The GCF’s priority target list includes Algeria, the Central African Republic, Chad, Iraq, Lebanon, Mozambique, Papua New Guinea and South Sudan.
“Our goal is to equip the organization such that it becomes a partner of choice for the most vulnerable... and that it delivers where the funds are most needed,” said the Portuguese development economist.
Also on the list is war-torn Somalia, hit by major floods last year and still reeling from its worst drought in decades.
The GCF has pledged to invest more than $100 million over the next year to help the East African nation unlock investments and develop climate projects.
These include funding off-grid solar energy in rural communities, boosting resilience of the agricultural sector and helping with access to more money in the future.
“We need to adjust our mechanisms to be responsive to this type of country with weak institutional capacity,” she said, insisting on the need for projects to reach isolated populations despite security challenges.
The GCF was first funded by wealthy nations a decade ago as a key component in the landmark 2015 Paris climate agreement.
It funnels grants and loans for projects mostly in Africa, the Asia-Pacific region, Latin America and the Caribbean.
But its ambitions have been hindered by limited resources and a cumbersome bureaucracy, making it hard for some of the world’s most at-risk countries to access funding.
How to streamline the process for getting money in a timely manner will be critical issues at November’s COP29 climate summit in Azerbaijan.

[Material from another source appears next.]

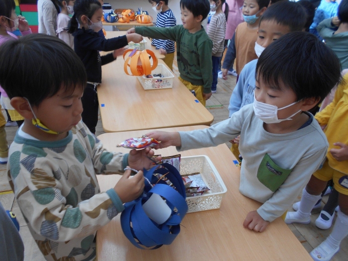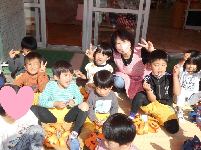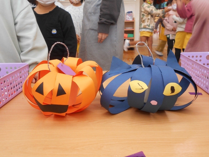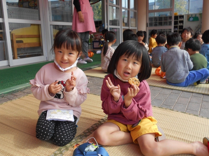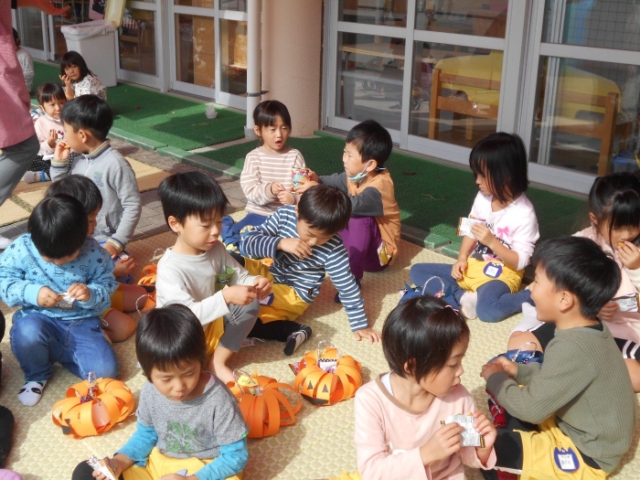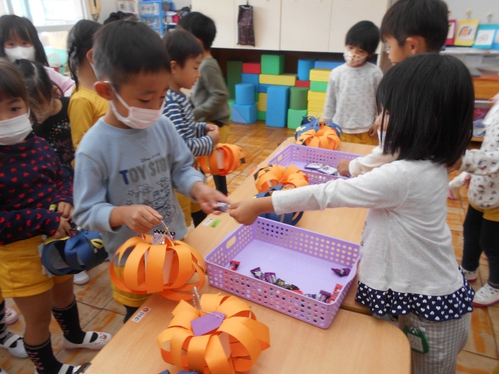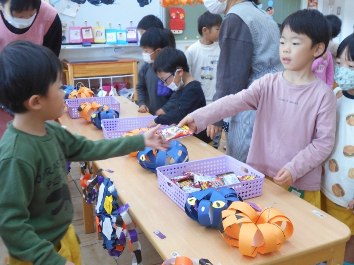 そして年中クラスでも「ハロウィンパーティー」をしました♡ この日のために作ったかぼちゃやネコのお菓子入れを持って、隣のクラスへ行き、「トリックオアトリート!!」と言ってお菓子をもらいにいきました。「トリックオアトリート」と言われたお子さま達は、「ハッピーハロウィン♡」と言ってお菓子を渡します。はじめは恥ずかしくて小さな声だったお子さま達も、ハロウィンの楽しい雰囲気に少しずつ大きな声で言えるようになり、「先生~♡3つももらえたよ!!」とご機嫌でお部屋に戻ってきました。そのあと、みんなで美味しくおやつをいただきました♡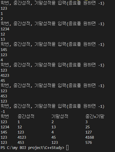 cout<<"학번, 중간성적, 기말성적을 입력(종료를 원하면 -1)"<<endl;

Duarte aims to triple the GCF’s capital to $50 billion by 2030 — an ambitious goal, but a small fraction of the trillions experts say is needed overall.
Founded in 2010, the fund today has some 250 partners implementing projects on the ground, spanning UN agencies, development banks, government ministries and agencies, the private sector and NGOs.
Another 200 have expressed interest in aligning with the fund.
“If we are able to work with this vast network of partners that are closer to the realities on the ground where investments are happening, we can make a really big difference,” she said.
As of last month, the fund has committed $15 billion to 270 projects.
In the last 12 months, the GCF approved close to $790 million for the world’s poorest countries — a fourfold increase compared to 2022.
But it remains a drop in the ocean compared to what is needed, experts say.
Currently, donor nations decide what contributions they make to the fund.
At COP29, countries are expected to set a new global climate finance goal, though divisions over its size and scope have hampered negotiations.
As discussions enter a critical phase, Duarte has a simple message for governments: “Be bold. We don’t have the luxury of waiting.”